On Sun, Nov 30, 2025, at 11:58, Willy Tarreau wrote:
On Sat, Nov 22, 2025 at 05:59:15PM +0100, Thomas Weißschuh wrote:
struct timespec {
- __kernel_old_time_t tv_sec;
- long tv_nsec;
- time_t tv_sec;
- int64_t tv_nsec;
}; #define _STRUCT_TIMESPEC +/* Never use with system calls */ struct timeval {
- __kernel_old_time_t tv_sec;
- __kernel_suseconds_t tv_usec;
- time_t tv_sec;
- int64_t tv_usec;
};
It seems to me that glibc continues to make the effort of using a long for tv_usec and tv_nsec. At least I'm seeing how that can make a difference for application code given that these fields are constantly multiplied or divided, forcing them to 64-bit when we know they'll never be larger than 1 billion is extra burden for the application. Another reason might be that the definition really changed from long to suseconds_t in timeval a while ago, it's possible that it's used as a long in various APIs (or even just printf formats).
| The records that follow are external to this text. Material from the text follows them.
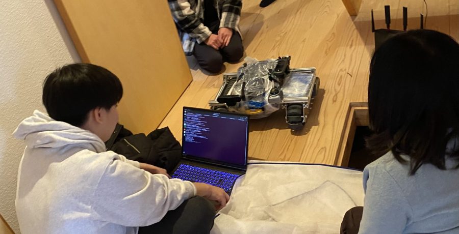 秋田県立大学の大塚先生と伊藤先生と学生二人が床下診断ロボットのデモ調査を自宅で行った。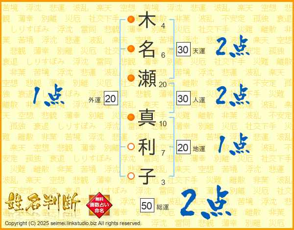 木名瀬真利子さんの天運は30画の2点!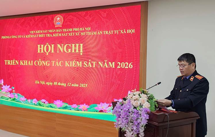 Với mục tiêu giữ vững và phát huy kết quả đã đạt được, ngày 08/12/2025, Phòng 2 Viện KSND thành phố Hà Nội tổ chức hội nghị triển khai công tác kiểm sát năm 2026 nhằm đề ra phương hướng, triển khai thực hiện đầy đủ và hiệu quả các mục tiêu, giải pháp cơ bản được xác định trong Chỉ thị công tác năm 2026 của Viện trưởng Viện KSND tối cao với phương châm: “Đoàn kết, đổi mới - Bản lĩnh, kỷ cương -Chuyên nghiệp, hiện đại”, đồng thời nhằm thực hiện hiệu quả các Nghị quyết, Chương trình công tác của Thành ủy, Hội đồng nhân dân Thành phố với chủ đề: “Kỷ cương, trách nhiệm, hành động, sáng tạo, phát triển”; chủ động tổ chức triển khai thực hiện đảm bảo đúng tiến độ và chất lượng các nhiệm vụ đã được giao; nâng cao hơn nữa chất lượng công tác thực hành quyền công tố và kiểm sát hoạt động tư pháp, đảm bảo không làm oan người vô tội, không bỏ lọt tội phạm, phấn đấu đạt và vượt các chỉ tiêu, nhiệm vụ công tác do Quốc hội, Viện KSND tối cao đã đề ra và các nhiệm vụ của Thành ủy, Hội đồng nhân dân Thành phố giao; góp phần giữ vững an ninh chính trị, trật tự an toàn xã hội trên địa bàn Thủ đô Hà Nội. Đồng thời xác định khâu đột phá là: “Tiếp tục thực hiện đồng bộ các giải pháp nâng cao chất lượng công tác thực hành quyền công tố, kiểm sát điều tra, kiểm sát xét xử các vụ án hình sự nhằm bảo đảm chống oan, sai, bỏ lọt tội phạm và hạn chế án trả hồ sơ để điều tra bổ sung. Thường xuyên rà soát, giải quyết dứt điểm các vụ, việc tạm đình chỉ, không để tình trạng tạm đình chỉ kéo dài mà không có hoạt động kiểm sát dẫn đến hết thời hiệu truy cứu trách nhiệm hình sự”.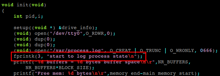 注意:这里的操作是错误的,因为init是在用户态执行的进程,无法调用fprintk函数

IMHO it would be cleaner to keep it as a long here, or do you have a particular reason for wanting int64_t (which BTW already forced a cast in sys_gettimeofday()) ?
As far as I can tell, it's the other way round for suseconds_t, which in glibc is defined as
#if __TIMESIZE == 64 && __WORDSIZE == 32 # define __TIME_T_TYPE __SQUAD_TYPE # define __SUSECONDS_T_TYPE __SQUAD_TYPE #else # define __TIME_T_TYPE __SLONGWORD_TYPE # define __SUSECONDS_T_TYPE __SLONGWORD_TYPE #endif
so this one is explicitly the same width as tv_sec, which has all the issues you listed, but avoids the need for padding.
As far as I remember, the one reason for having a 'long tv_nsec' with complex padding in glibc and musl is that this is actually required by both Unix[1] and C11/C11 [2] standards.
C23 has updated the definition and does allow int64_t tv_nsec. I think it makes sense for nolibc to just follow the kernel's definition here.